Updated Constraints on Large Field Hybrid Inflation

TL;DR

This paper reevaluates large field hybrid inflation models considering recent observational data, identifying parameter regimes that align with Planck and BICEP2 results, especially where slow-roll violations influence predictions.

Contribution

It provides a detailed analysis of hybrid inflation dynamics, including slow-roll violations, and identifies parameter spaces compatible with current cosmological observations.

Findings

Certain parameter regimes match Planck and BICEP2 data.

Model predictions can degenerate with quadratic potential in some cases.

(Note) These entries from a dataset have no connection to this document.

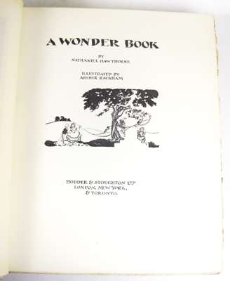 A wonder book. London: Hodder & Stoughton, 1922. 4to, number 457 of 600 copies signed by Rackham, 24 coloured plates by Rackham, original pictorial cream cloth gilt, t.e.g., others uncut, pictorial endpapers, armorial bookplate to front endpaper
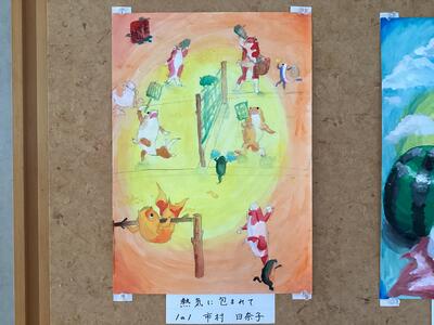 『わたしが描く金魚づくし』ということで、1年生が生徒たちが金魚をモチーフに想像の世界を描いた力作が飾られています。どの絵もとっても工夫されており、じっくりと鑑賞することができます。学校にご来校の際は、どうぞご覧ください。(写真ではうまく伝わらなくて、ごめんなさい。)
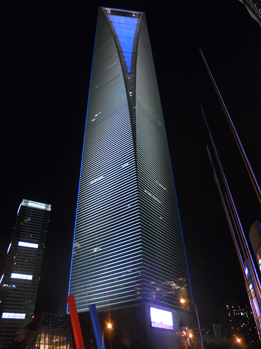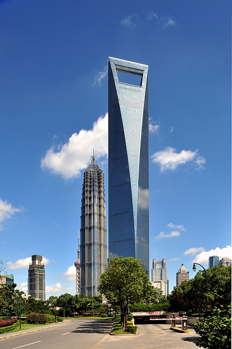 Строительство шестого по высоте здания мира было завершено в 2008 году. Особенности китайского ландшафта вынудили главного архитектора Дафида Малотта создать конструктивную систему, способную выдержать землетрясение до 7 баллов. В состав 101-этажного гиганта входят всевозможные магазины, рестораны, конференц-залы, офисы различных компаний и самая высокая смотровая площадка, расположенная на 100 этаже. Неофициальное название комплекса - "открывашка".
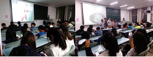 首先由机械工程系志愿者服务分队费玲果同学为大家讲述了艾滋病的发生和传播途径,同时为同学们普及了12月1日为世界艾滋病日及艾滋病标志—红丝带;之后,语言工程系志愿者服务分队李野同学为在座的同学讲述了如何预防艾滋病和关爱艾滋病人。
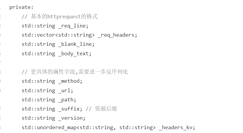 std::string _req_line;:存储 HTTP 请求的请求行 (比如GET /index.html HTTP/1.0)。std::vector<std::string> _req_headers;:存储未解析的原始请求头列表(每行是一条完整的头信息)。std::string _blank_line;:存储请求头与请求体之间的空行 (对应 HTTP 协议的\r\n分隔)。std::string _body_text;:存储 HTTP 请求的请求体内容(比如 POST 提交的参数、GET 的查询参数)。第二部分:解析后的具体属性字段
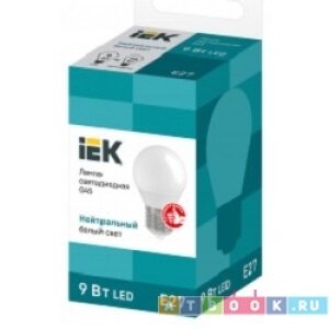 Лампа светодиодная Eco G45 9Вт шар 4000К нейтр. бел. E27 230В IEK LLE-G45-9-230-40-E27
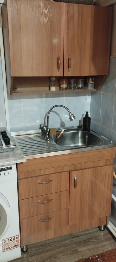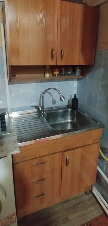 Mətbəx üçün lavabo dolabı - Material: laminat korpus, ağ içlik; qapılar taxta teksturalı dekorla - Üst hissə: paslanmayan poladdan birgözlü lavabo və sağ tərəfdə damcılıq sahəsi (quraşdırma üçün k...
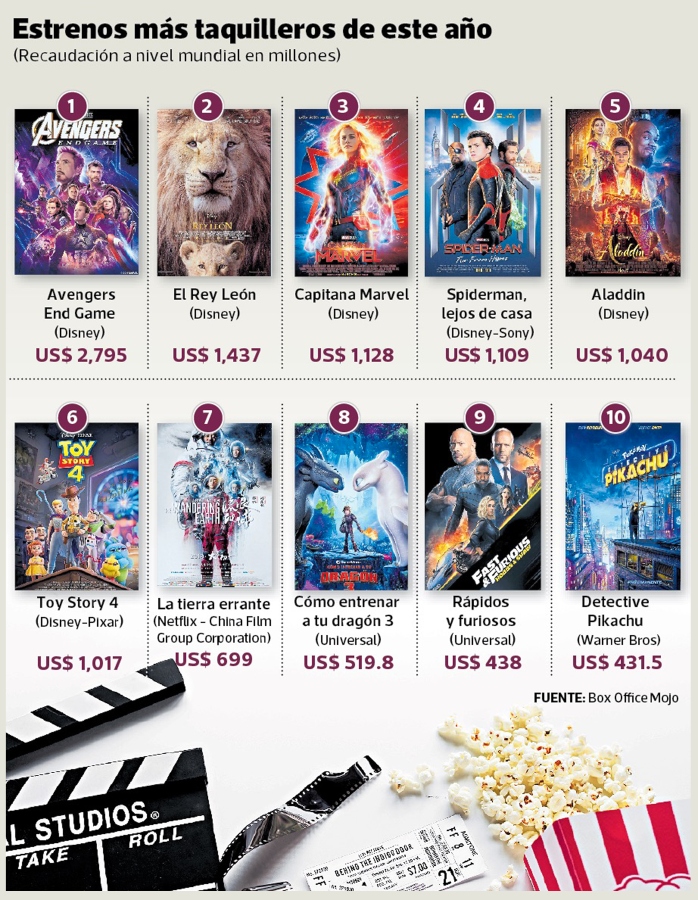 Por si fuera poco, seis de los nueve filmes de la empresa estrenados este año, a la fecha superaron los US$ 1,000 millones en recaudación: "El rey león", "Capitana Marvel", "Aladdin", "Spiderman" (distribuida por Sony) y "Toy Story 4".

Hybrid inflation is favored over other models based on chi-squared analysis.

Abstract

We revisit the status of hybrid inflation in the light of Planck and recent BICEP2 results, taking care of possible transient violations of the slow-roll conditions as the field passes from the large field to the vacuum dominated phase. The usual regime where observable scales exit the Hubble radius in the vacuum dominated phase predicts a blue scalar spectrum, which is ruled out. But whereas assuming slow-roll one expects this regime to be generic, by solving the exact dynamics we identify the parameter space for which the small field phase is naturally avoided due to slow-roll violations at the end of the large field phase. When the number of e-folds generated at small field is negligible, the model predictions are degenerated with those of a quadratic potential. There exists also a transitory case for which the small field phase is sufficiently long to affect importantly the observable predictions. Interestingly, in this case the spectral index and the tensor to scalar ratio agree respectively with the best fit of Planck and BICEP2. This results in a \Delta \chi^2 \simeq 5.0 in favor of hybrid inflation for Planck+BICEP2 (\Delta \chi^2 \simeq 0.9 for Planck only). The last considered regime is when the critical point at which inflation ends is located in the large field phase. It is constrained to be lower than about ten times the reduced Planck mass. The analysis has been conducted with the use of Markov-Chain-Monte-Carlo bayesian method, in a reheating consistent way, and we present the posterior probability distributions for all the model parameters.